Zoo to Table

A Zoo Admits to Serving Park Animals on Its Restaurant Menu

Look — dinner!
Look — dinner! Photo: Shutterstock

The Wildnispark Zurich, which happens to be Switzerland’s oldest zoo, offers visitors a “primordial nature experience” full of unique ways to encounter native animals “such as bear, moose, European bison, hare, [and] lynx.” It turns out that deer and boars could also be encountered on plates in the zoo’s adjoining restaurant. The news site Der Landbote went ahead and fact-checked some local rumors that some of the restaurant’s proteins were sourced a little too locally, and a park spokesman confirmed as much, saying it was some “very ecological,” circle-of-life stuff.
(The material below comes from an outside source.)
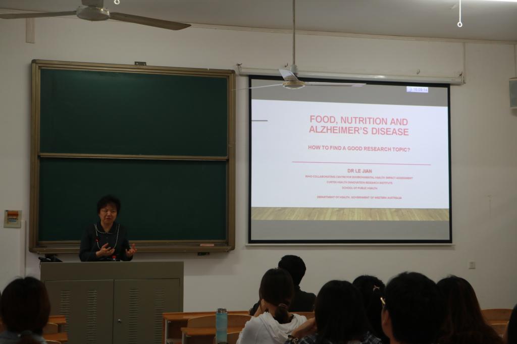 (食品科学技术通讯员 陈欢 供图 陈欢 李萌)2019年10月14日下午16:00,西澳洲卫生部高级研究员和分析师、科庭大学公共卫生学院客座教授JIAN LE 教授在一教303做了一场主题为“Food, Nutrition And Alzheimer's Disease”的精彩学术报告。报告由胡筱波教授主持,yl23411集团多名硕士生参加了此次会议,现场师生积极互动,学术氛围浓厚。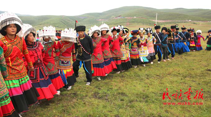 盛裝的彝族青年男女舞動(dòng)起來

The need apparently arises from the fact that about 100 animals too many are born on the premises each year — the “natural cycle” — so the park has to do something with them because no one, for example, wants to adopt a wild boar that’s going to gain hundreds of pounds and grow tusks. According to official literature, it’s actually safer to be a local tree — nothing on the 12-square-kilometer grounds has been cut down during the last 14 years. “The natural processes from germination to aging to death of trees can now occur without human disturbance,” the park helpfully notes.

Local activists have already begun to pressure the park to take the wildlife off the menu.